Title: “Role of coherence and rapid-plasticity in active perception of complex auditory scenes”

Joakim Andén (http://www.cmap.polytechnique.fr/~anden/)

(on behalf of Prof. Stephane Mallat who could unfortunately not attend this workshop)

(Ecole Polytechnique, France)

Title: “Stability to time-warping and frequency transposition invariance using scattering representations”

Dr. Tom Walters (http://research.google.com/pubs/author38237.html)

(Machine Hearing Group at Google, USA)

Title: “Machine hearing for large-scale content-based audio analysis”

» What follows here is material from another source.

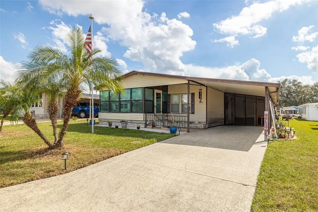 Welcome to your fabulous new home in the highly sought after 55+ community of Casa Del Sol. This is a spectacular home with so much to offer…including LOW HOA dues and NO LOT RENT! Absolutely move in ready! This 2 bedroom/2 bath home offers a bright, open, functional floorplan with many NEW updates! As you pull your car into the long driveway you’ll notice the custom, rustic-style screened in patio. This is a perfect location to get some fresh air and enjoy your morning cup of coffee or evening glass of wine. Directly off the patio is an extra-large storage area/workshop. Here you can store all your favorite holiday items, bicycles, extra refrigerator and even has room for a golf- cart. As you step into the home, you will see a dedicated laundry room inside the home (not in the storage area) with lots of cabinetry and includes a newer high-end washing machine & dryer. The heart of the home, the kitchen/living room is bright and spacious! New luxury vinyl flooring has been installed in the main living areas, kitchen, enclosed Florida room and primary bathroom. The kitchen features lots of counter space, new stainless-steel appliances, and new lighting fixtures. The formal dining room boasts new lighting fixtures and built in shelving/cabinetry. The living room is open, features a new ceiling fan and is a great place to kick your feet up! Adjacent to the living room is the enclosed Florida room. This is a special room with lots of windows, new ceiling fan and LVP flooring. The second bedroom features a new ceiling fan, and is very spacious! It can easily fit a queen-sized bed, or use the room as an office or craft-room. The secondary bathroom includes a shower/tub combo, new vanity mirror and comfort-height toilet. The primary bedroom can easily fit a king-sized bed, features a new ceiling fan, dual built-in closets and an en-suite bathroom. The en-suite bathroom boasts new LVP flooring, lots of counter space, comfort height toilet and a walk-in shower. UPDATES INCLUDE: new HVAC, water heater, updated plumbing, flooring, ceiling fans, light fixtures throughout, appliances, washer/dryer, screened-in patio and fresh paint throughout the entire home. The community of Casa Del Sol is an active 55+ community and features activities year-round! They have an exceptional sparkling pool, large clubhouse with activities and shuffleboard. Zephyrhills is away from the hustle-bustle, yet still only about 45 minutes to the airport. Restaurants, shopping and medical facilities are near-by making this the perfect home for your winter retreat or year-round home! Just pack your clothes and ready to enjoy the Florida sunshine! Call now to schedule your private showing!

Prof. George Tzanetakis (http://www.cs.uvic.ca/~gtzan/)

(University of Victoria, BC, Canada)

Title: “Active Computational Musicianship”

Detailed Information:


Prof. Shihab Shamma





Role of coherence and rapid-plasticity in active perception of complex auditory scenes


Humans and other animals can attend to one of multiple sounds, and follow it selectively over time. The neural underpinnings of this perceptual feat remain mysterious. Some studies have concluded that sounds are heard as separate streams when they activate well-separated populations of central auditory neurons, and that this process is largely pre-attentive. Here, we argue instead that stream formation depends primarily on temporal coherence between responses that encode various features of a sound source. Furthermore, we postulate that only when attention is directed towards a particular feature (e.g., pitch) do all other temporally coherent features of that source (e.g., timbre and location) become bound together as a stream that is segregated from the incoherent features of other sources.


Shihab Shamma is a Professor of Electrical and Computer Engineering and the Institute for Systems Research. His research deals with auditory perception, cortical physiology, role of attention and behavior in learning and plasticity, computational neuroscience, and neuromorphic engineering. One focus has been on studying the computational principles underlying the processing and recognition of complex sounds (speech and music) in the auditory system, and the relationship between auditory and visual processing. Another aspect of the research deals with how behavior induces rapid adaptive changes I neural selectivity and responses, and the mechanisms that facilitate these changes and control them. Finally, signal processing algorithms inspired by data from these neurophysiological and psychoacoustic experiments have been developed and applied in a variety of systems such as speech and voice recognition, diagnostics in industrial manufacturing, and underwater and battlefield acoustics. Other research interests include aVLSI implementations of auditory processing algorithms, and development of robotic systems for the detection and tracking of multiple simultaneous sound sources.


Joakim Andén

(on behalf of Prof. Stephane Mallat who could unfortunately not attend this workshop)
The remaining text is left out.